Oregon Chub Recovery

The Oregon chub recently became the first fish ever removed from the Federal List of Endangered and Threatened Animals due to recovery.

The Oregon chub, a small minnow found only in the Willamette River Basin in floodplain habitats with little or no water flow, was listed as endangered in 1993 and reclassified as threatened in 2010. Primary factors that led to its listing were loss of habitat and predation by nonnative fishes.

Through collaborative partnerships, and aided by outreach to the local communities, these threats have been lessened over the last 21 years with restoration and acquisition of habitat, promotion of natural river flows, and the reintroduction of chub into historical habitat.

Just eight populations totaling fewer than 1,000 fish were known to exist at the time of listing in 1993. Today, the population stands at more than 140,000 fish at 80 locations with a diverse range of habitats.

The Endangered Species Act has helped prevent the slide toward extinction for hundreds of species. The Oregon chub joins 28 other species that have been successfully recovered and removed from the Endangered Species List.

Many other species also are experiencing positive trends toward recovery, including three additional ones from Oregon: the Modoc sucker is currently proposed for delisting, and the Borax Lake chub and the Columbian white-tailed deer are recommended for reclassification from endangered to threatened.

Private landowners have been an essential partner in recovering the Oregon chub by managing habitats on their lands and, in some cases, creating habitat to support introductions of the species on their property.

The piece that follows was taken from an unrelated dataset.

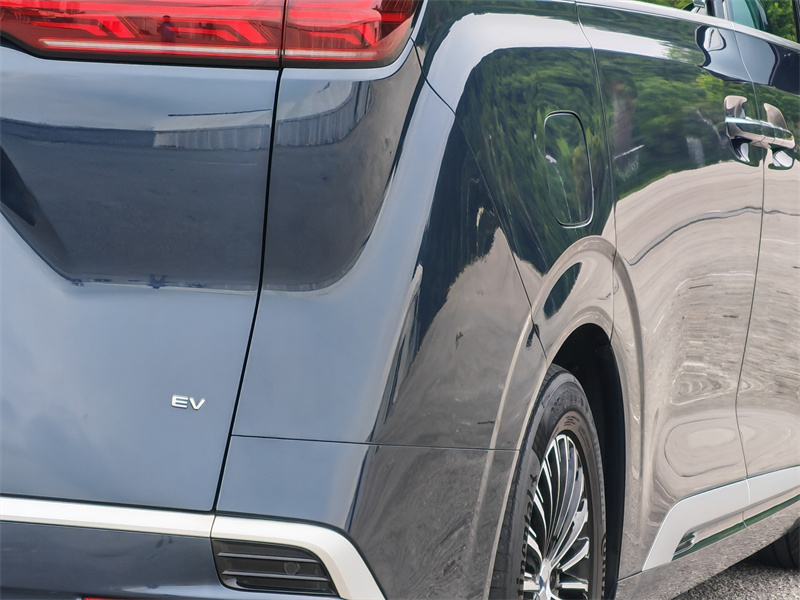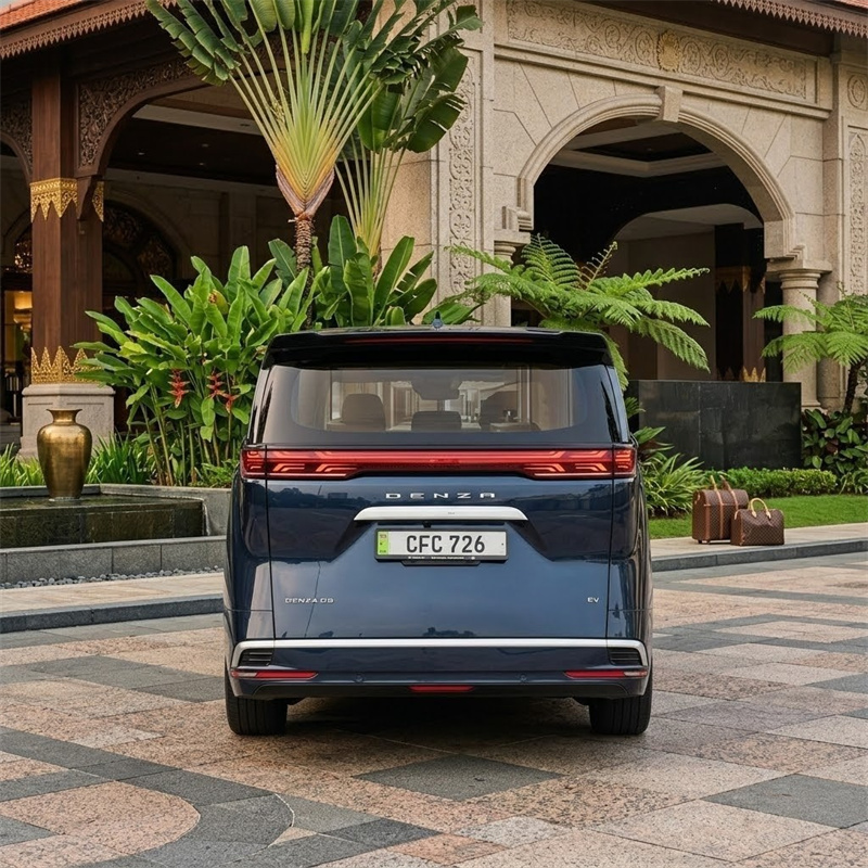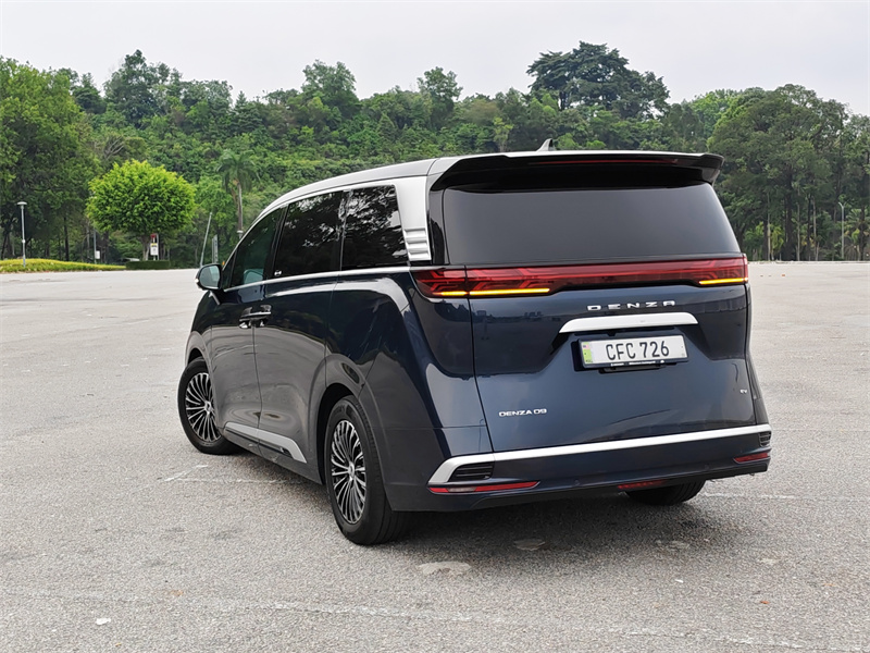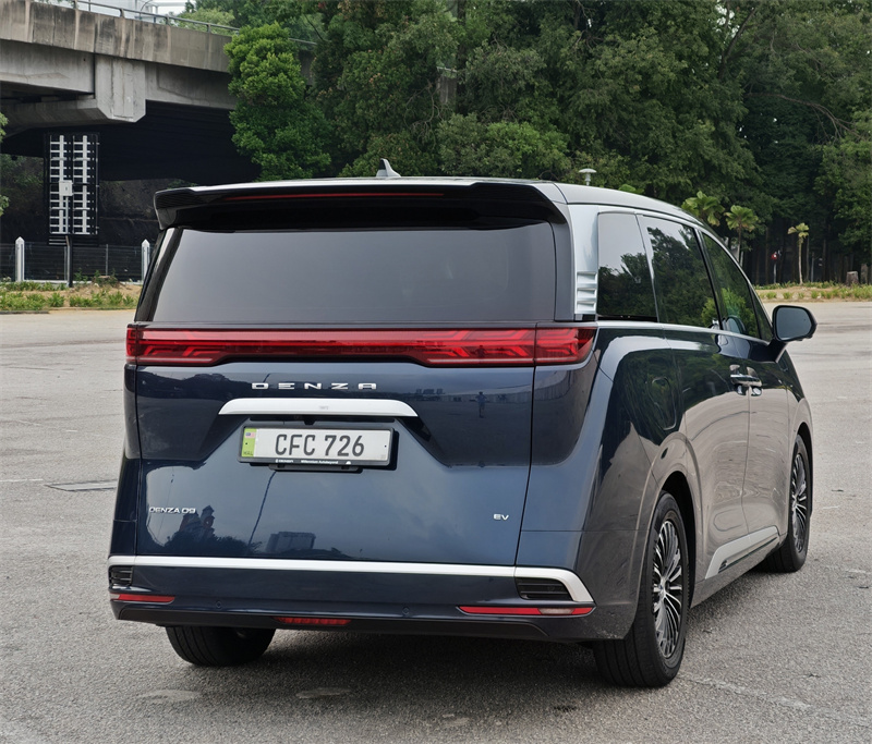 当你把视线移到车侧,就会发现这台车真正的气场来自比例。长轴距所带来的视觉延伸,让整台车显得非常修长,而干净的侧面线条则避免了MPV常见的臃肿感。尾部设计同样延续这种克制路线,贯穿式LED尾灯在夜间拥有极高辨识度,但在白天却不会显得浮夸。整体来看,Denza D9的外观并不是为了吸引注意,而是为了在任何场景中都显得得体,这种设计逻辑,本质上更接近一台真正的豪华车。

Oregon chub populations exist on the William L. Finley and Ankeny National Wildlife refuges, with Ankeny supporting the largest known population in the Willamette River Basin.

Other partners that contributed in Oregon chub recovery efforts included the U.S. Army Corps of Engineers, U.S. Department of Agriculture Forest Service’s Willamette National Forest, Natural Resource Conservation Service, Oregon Parks and Recreation Department, Oregon Department of Transportation, McKenzie River Trust, City of Salem, Santiam Water Control District, Confederated Tribes of the Grand Ronde, and Bonneville Power Administration. The Willamette Valley National Wildlife Refuge Complex and Fisheries Program were also essential to the chub’s recovery.